Start of Stored data

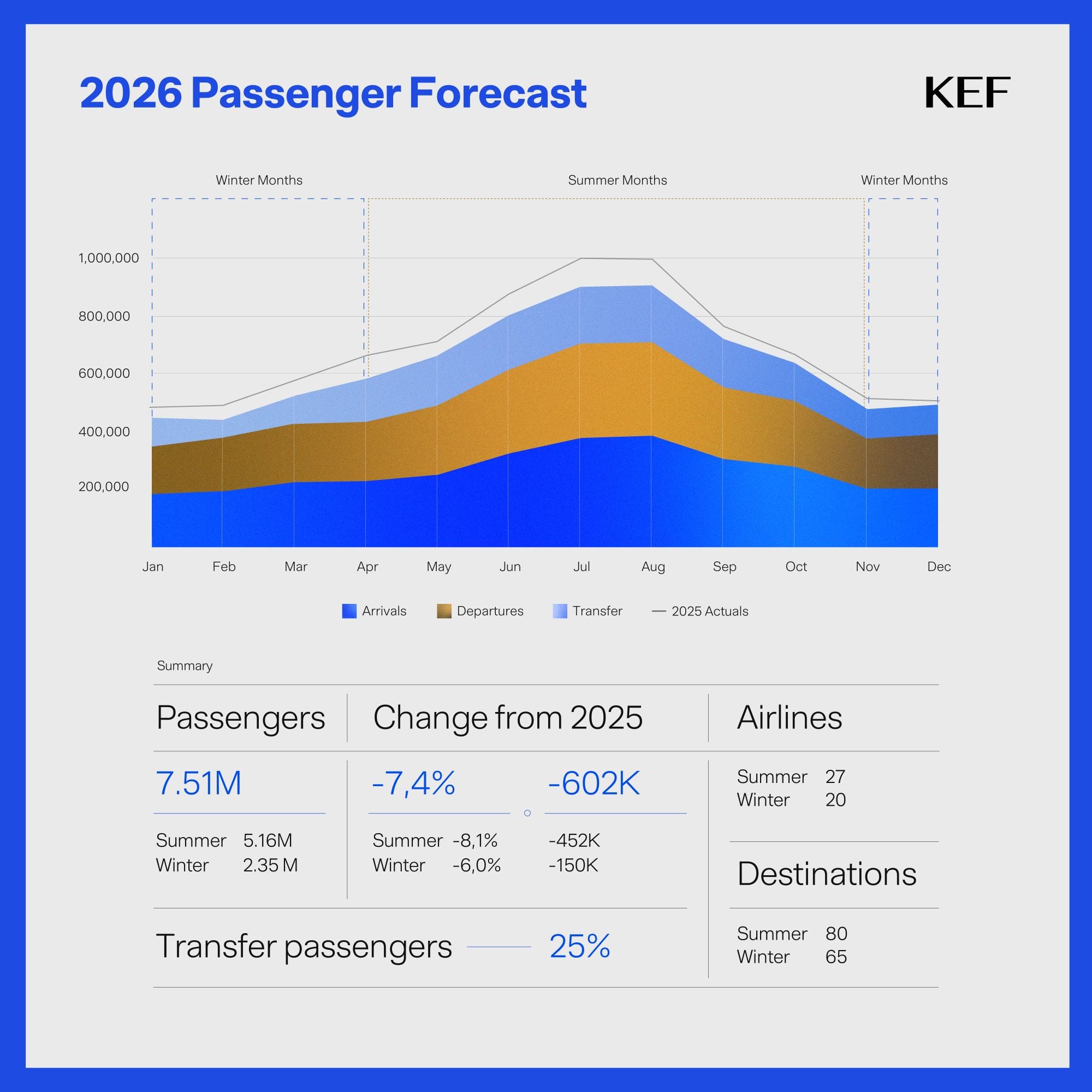 The 2026 KEF Passenger Forecast is based on an analysis of factors influencing passenger demand for flights to and from the airport. The forecast relies on data about handling times secured by airlines, information from KEF Airport's systems, and updates on airline plans.
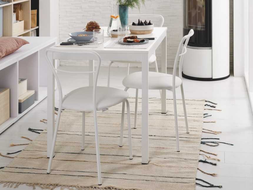 Кухонные стулья для маленькой кухни также должны быть небольшого размера. Лучше предпочесть модели, которые свободно задвигаются под стол, для этого соотносятся габариты столешницы и мест для сидения. Оптимальное решение – табурет или узкий стул с шириной сидения не более 35 см. Для небольшой семьи достаточно установить маленький круглый столик или ограничиться небольшой барной стойкой и парой стульчиков.
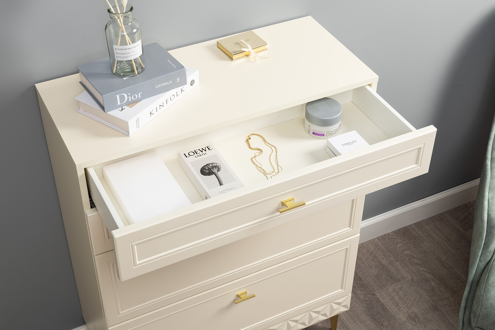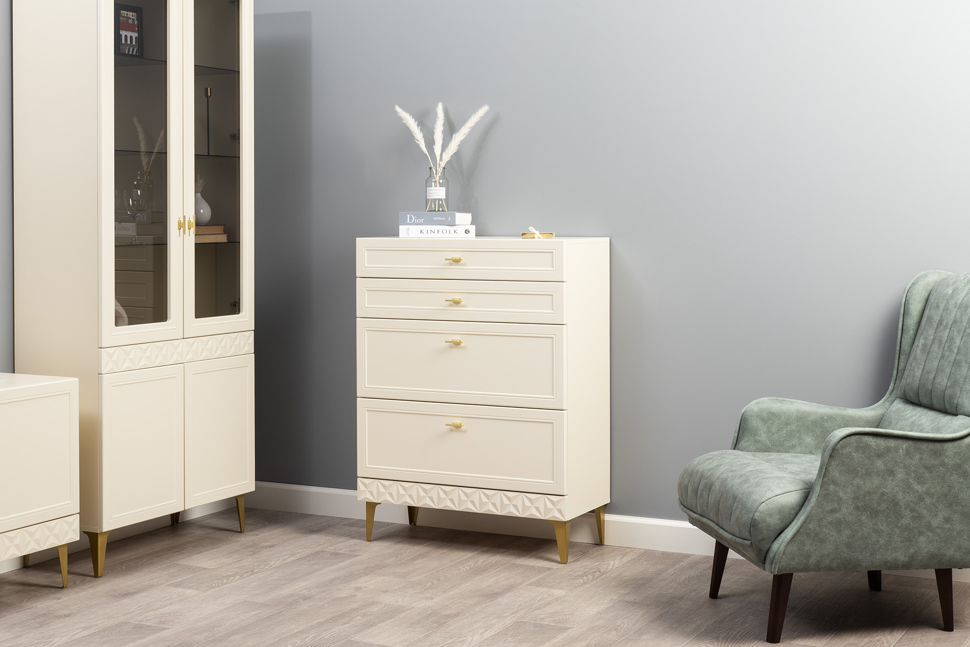 Комод Марион 16.249 слоновая кость С341 PE, слоновая кость 6898 ПВХ, белый PE шагрень
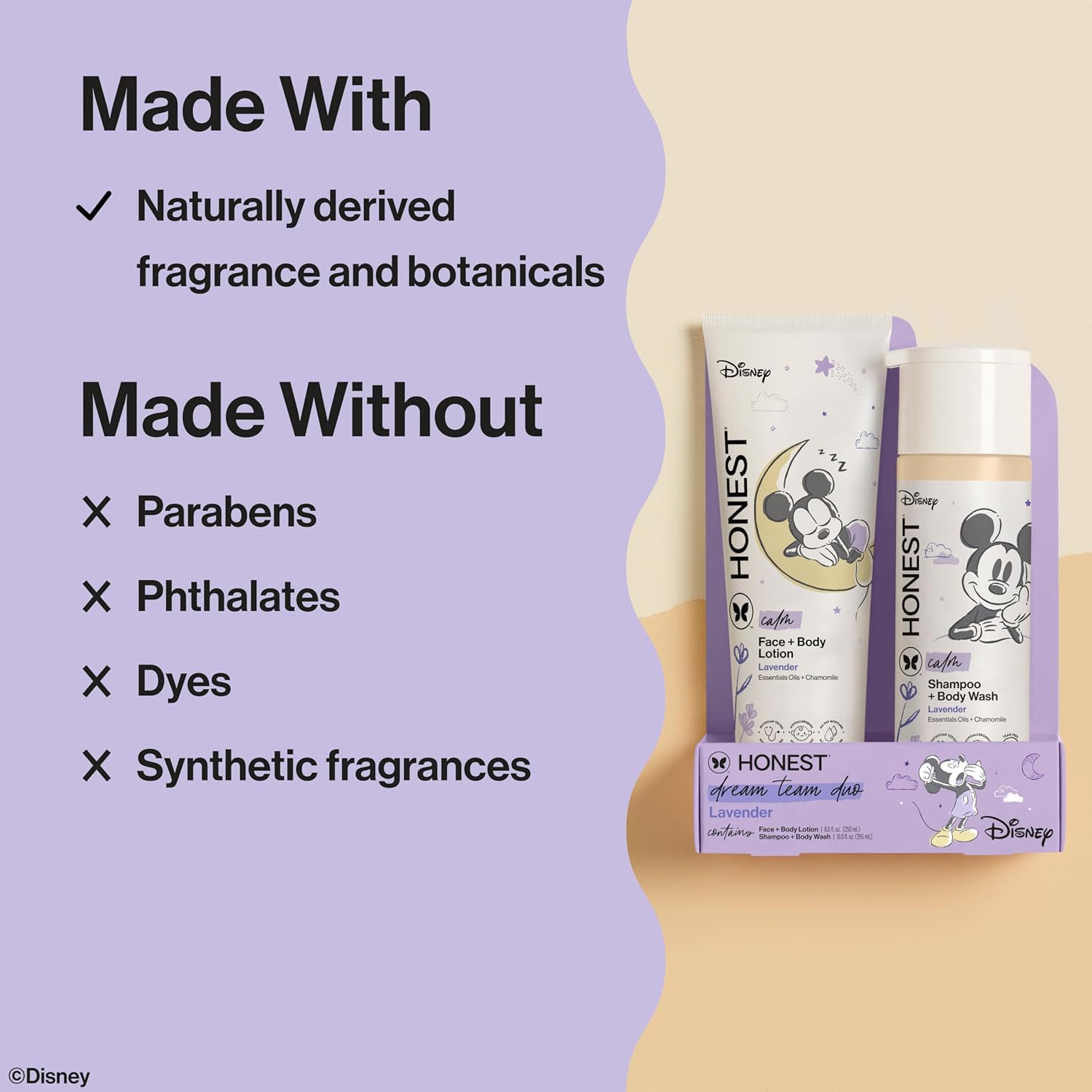 The Honest Company 2-in-1 Cleansing Shampoo and Body Wash and Face and Body Lotion Bundle and Disney Design Gentle Enough for Baby Dermatologist Tested Calm Lavender 18.5 fl oz
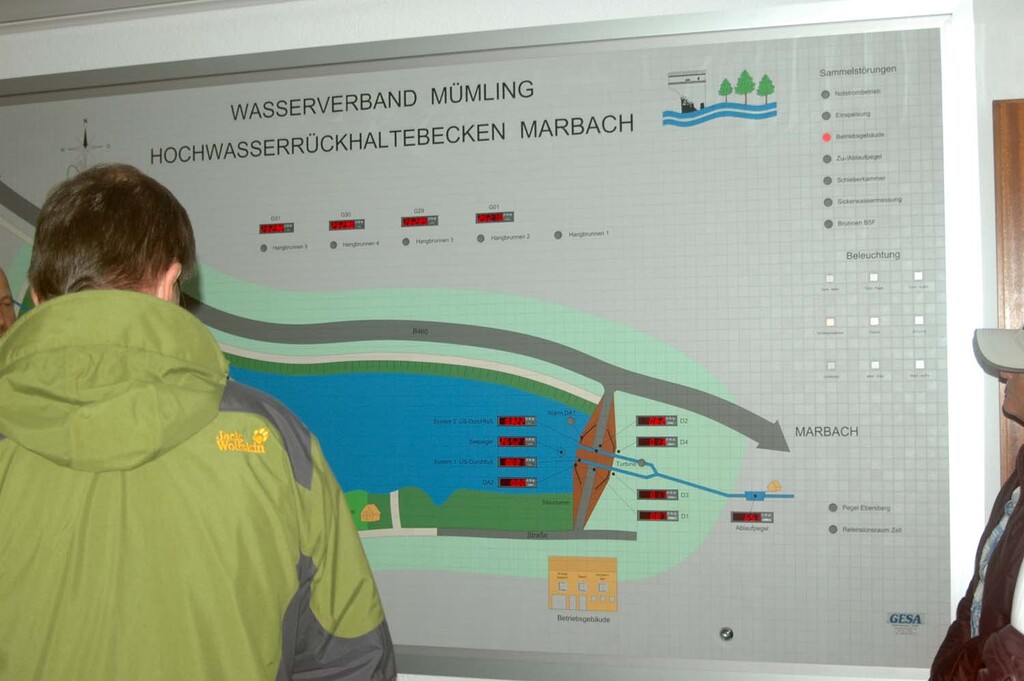 Die Pegelhöhe von 262,2 müNN wird konstant gehalten, am Nordhang wird permanent die Grundwasser-Pegelhöhe geprüft, ob sie 265 müNN beträgt. Nur so können die Druckverhältnisse sicher gehalten werden. Die Wand ist zwar dicht versiegelt, aber zu hoher Druck könnte sie zermürben. Solange der Grundwasserdruck höher ist als der Seedruck, ist dies gewährleistet. Die Gesamtfläche des Stausees beträgt 2700 Meter in der Länge und zwischen 110 und 240 Meter in der Breite. Der Ablauf beträgt mindestens 200 l / sec, maximal 3,5 Kubikmeter / sec. Steht mehr Wasser an, setzt die Rückhaltefunktion des Beckens ein. Bei einem Pegel über 266 müNN muß die Anlage 24 Stunden besetzt sein, sonst erfolgt nur Stichprobenüberwachung.
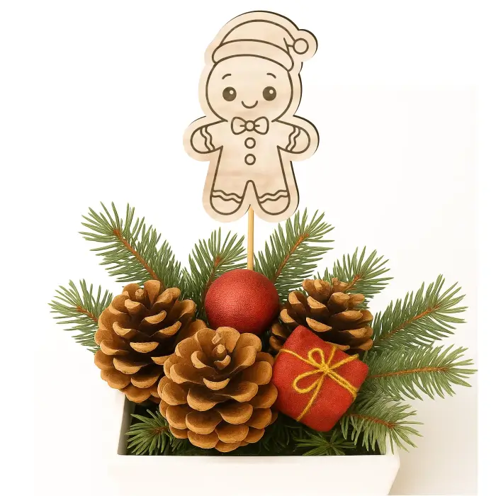 🪵 Ruční práce a poctivá překližka – detailně propracovaný perníček s veselými detaily, včetně typické cukrové polevy a zimní čepice. Je perfektní do květináčů, vánočních truhlíků nebo jako sladká tečka v jakémkoli adventním aranžmá.
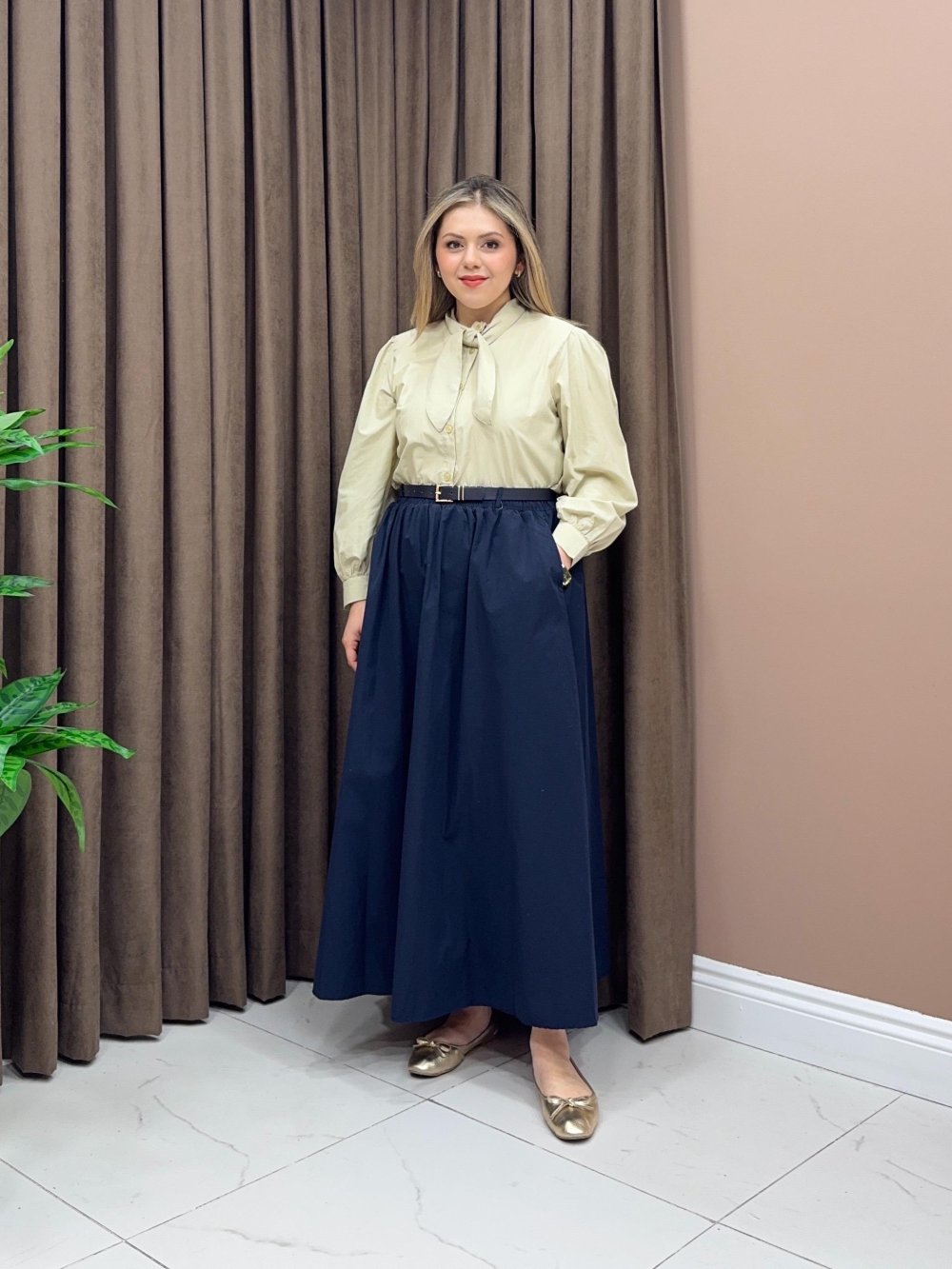 Kemer hediyelidir. Etek beli lastiklidir. Rahat kalıptır
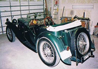 | April 18, 2009 - Most everything has come in for the car except for the headlight retainer springs. I spent some time today cleaning the main garage and getting the Model A back in the corner so the TC could be moved back from the little garage. The main garage gives me a lot more room for working, plus direct access to tools, lights, and supplies. Steve LaPaugh, the friend who kick-started my TC search with his email at the end of January, came out today with his wife to see Wildflower, and of course, get a ride. She started right up and ran great, and has his wife anxious to get their MGB going. The mounting plaque for the AACA national Award badge came in, and I drilled it for a badge bar mount and put it on the car. I also started on my efforts to fix potential deductions for the Senior Award. First up? Removing the modern license plate frame, incorrect hex-head bolts, and the club tag topper. I found a period stainless steel frame in the garage that cleaned up great, and bought a nice slotted-head screw/bolt set to remount it all. Sounds pretty minor, but just those fixes could save 3 points. I plan to take photos and record all of the changes I make just to show the kind of detail you have to watch for in national judging. | ![]() |
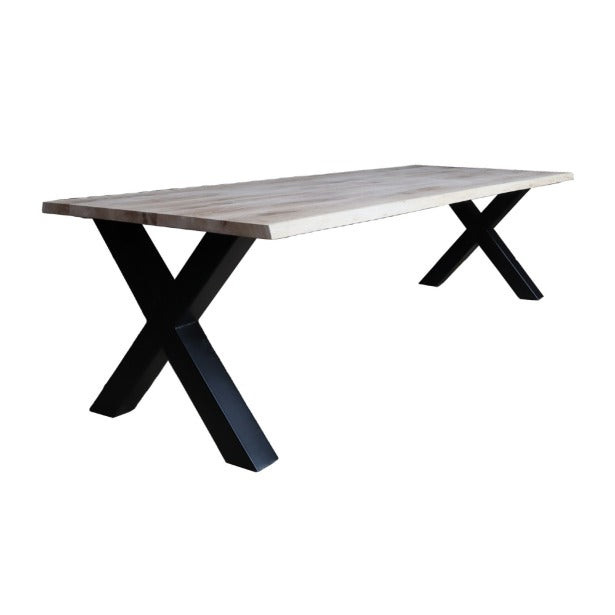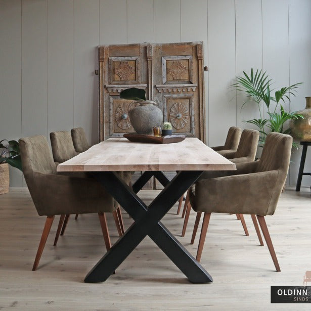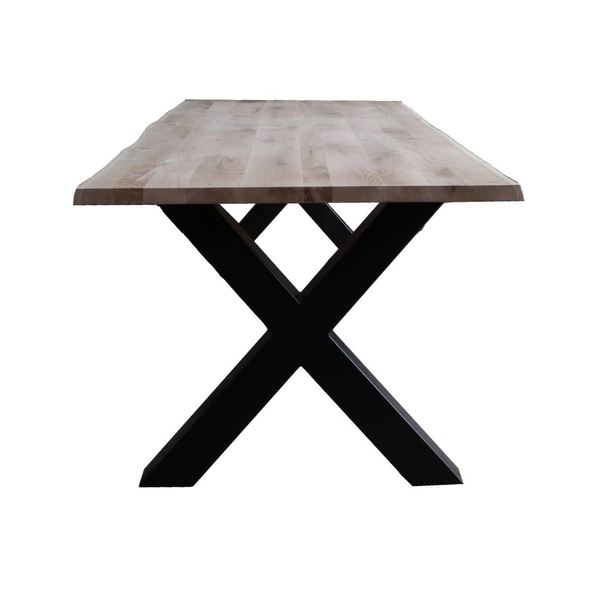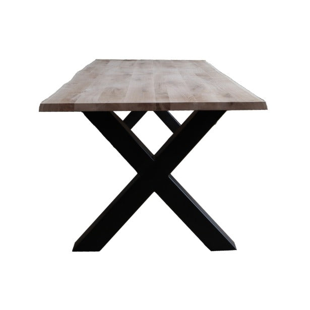 Het eikenhout in combinatie met een zwarte metalen X-poot geeft de tafel een landelijke en industriële uitstraling. Het tafelblad heeft aan de onderzijde van stalen strips die helpen voorkomen dat het blad gaat werken.

End of Stored data

*What is expected*
What's needed is an exact copy of the records above from the line containing "Кухонные стулья для" down to the line containing "The Honest Company", both included, without any pictures.

*Exercise response*
 Кухонные стулья для маленькой кухни также должны быть небольшого размера. Лучше предпочесть модели, которые свободно задвигаются под стол, для этого соотносятся габариты столешницы и мест для сидения. Оптимальное решение – табурет или узкий стул с шириной сидения не более 35 см. Для небольшой семьи достаточно установить маленький круглый столик или ограничиться небольшой барной стойкой и парой стульчиков.
 Комод Марион 16.249 слоновая кость С341 PE, слоновая кость 6898 ПВХ, белый PE шагрень
 The Honest Company 2-in-1 Cleansing Shampoo and Body Wash and Face and Body Lotion Bundle and Disney Design Gentle Enough for Baby Dermatologist Tested Calm Lavender 18.5 fl oz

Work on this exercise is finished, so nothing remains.